At last the two succeeded in reaching the neighbourhood of the Peter Gate, where a detachment of miners were acting as auxiliaries to the regular troops. Here, as at the other threatened points, soldiers, citizens, and journeymen were all actively engaged. Such parts of the fortifications as had been either injured or destroyed by the enemy's artillery-fire and mines, were now being hastily repaired. The Peter Gate and the barbican in front of it showed unmistakeable signs of the enemy's efforts to force an entrance into the town,--heaps of stones, and yawning holes and pits, alternated with covered galleries, _chevaux-de-frise_, uprooted palisadoes, and other works which the Freibergers were in hot haste trying to strengthen. The steady industry of so many hundred busy hands in the cold and darkness of that winter night must have struck an onlooker with surprise; but probably his surprise would have been even more excited by the unusual silence in which such heavy work was being done. That they might not attract the enemy's attention and so draw down an attack, the besieged were using the miners' dark lanterns, which open only on one side, instead of such torches or other lights as would generally be employed. From the top of the city wall and gate, these lanterns now shone down like the glimmering fires of innumerable glowworms, while, through the dusky twilight, lit up by their flickering rays, the soft white snowflakes fell steadily and quietly. The dim light and the falling snow combined to transform the brave defenders into so many ghost-like shapes.

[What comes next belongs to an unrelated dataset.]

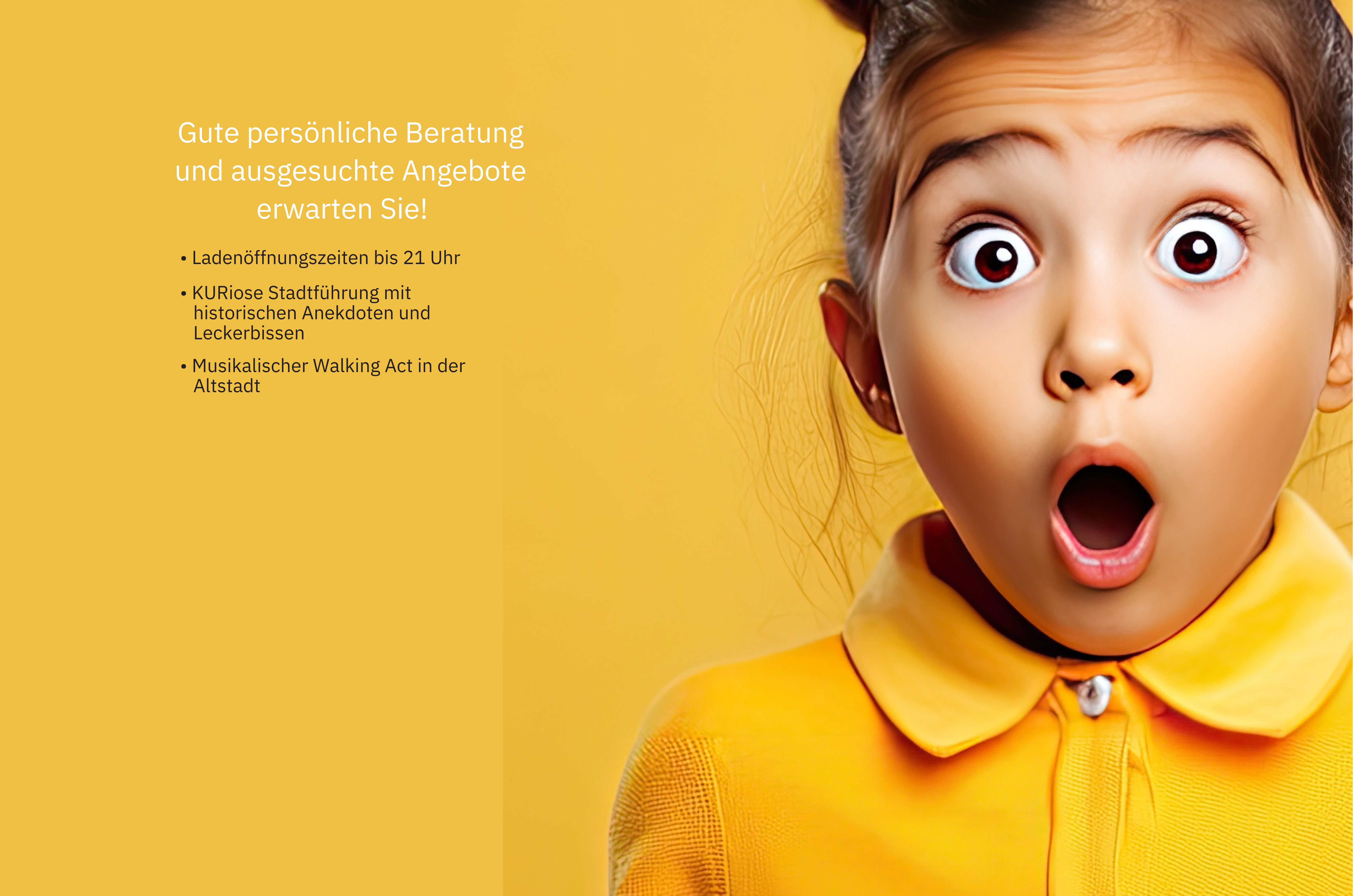 Mit verlängerten Ladenöffnungszeiten (bis 21.00 Uhr), musikalischer Unterhaltung auf dem Marktplatz und vielem mehr bietet der KURiose lange Donnerstag die Gelegenheit, nach Feierabend einmal im Monat entspannt zusammenzukommen, um das Angebot des Einzelhandels in der historischen Altstadt auf andere Art und Weise kennen zu lernen. Dafür lassen sich die Geschäftsleute spezielle Aktionen einfallen. Für Essen und Trinken ist ebenfalls gesorgt, zahlreiche Gastronomien beteiligen sich und erwarten Sie bereits!
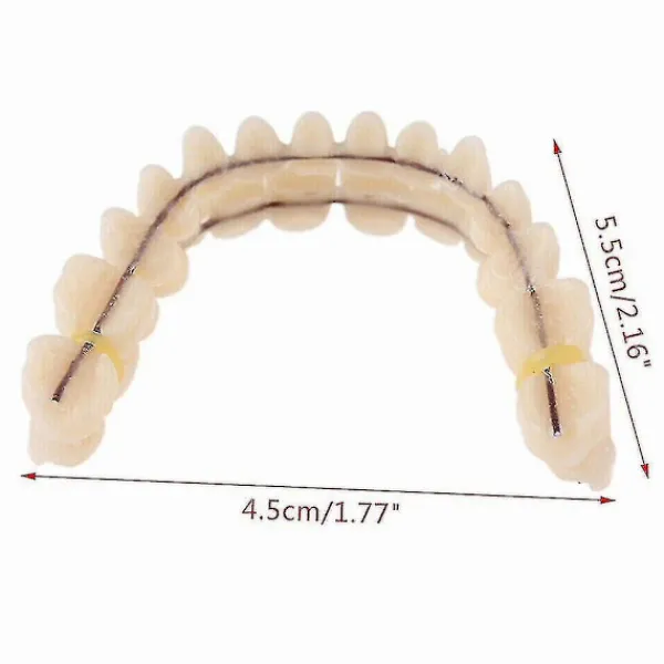 Specifikationer: Tandprotes som används på patienter med tandimplantat. Anti-blekning, anti-missfärgning och anti-mikrosprickegenskaper. Material: Harts. Färg: Vit. Skick: 100 % helt ny och hög kvalitet. Paketet innehåller: 1 set tandsimulering. Obs: Färgerna kan skilja sig något beroende på bildskärmens inställningar. Tillverkad av YOUGANG

One such weird figure could be descried, leaning silent and motionless against the parapet at the top of the tower, his heavy double arquebuse by his side. No part of the man stirred save the restless eyes, and they wandered incessantly to and fro, striving to make out the movements of the enemy. The miners, busy constructing a new moat just within the battered Peter Gate, looked, as they glided about, more like mountain-gnomes than human beings. If one of these same human gnomes, with weather-beaten, swarthy face and wrinkled forehead framed in its snowy hood, had suddenly stepped out into the circle of light cast by one of the dark lanterns, people would have been strongly tempted to declare they had seen a ghost.

Up there on the Hospital Mountain, where the enemy's headquarters lay, great watch-fires were blazing through the thick, snow-laden air. Now and then the glare of a mortar shone suddenly out, followed after a few seconds by the thundering explosion. Then a fiery curve traced itself against the sky, the end of which advanced hissing towards the city, and at last burst somewhere among the houses. Such was the picture that presented itself to the eyes of the two children when they reached the Peter Gate on that dark winter's night.

[1] A small German coin worth about a farthing English.

[2] A small German coin equal to four kreuzers.

[3] The river that flows through Freiberg.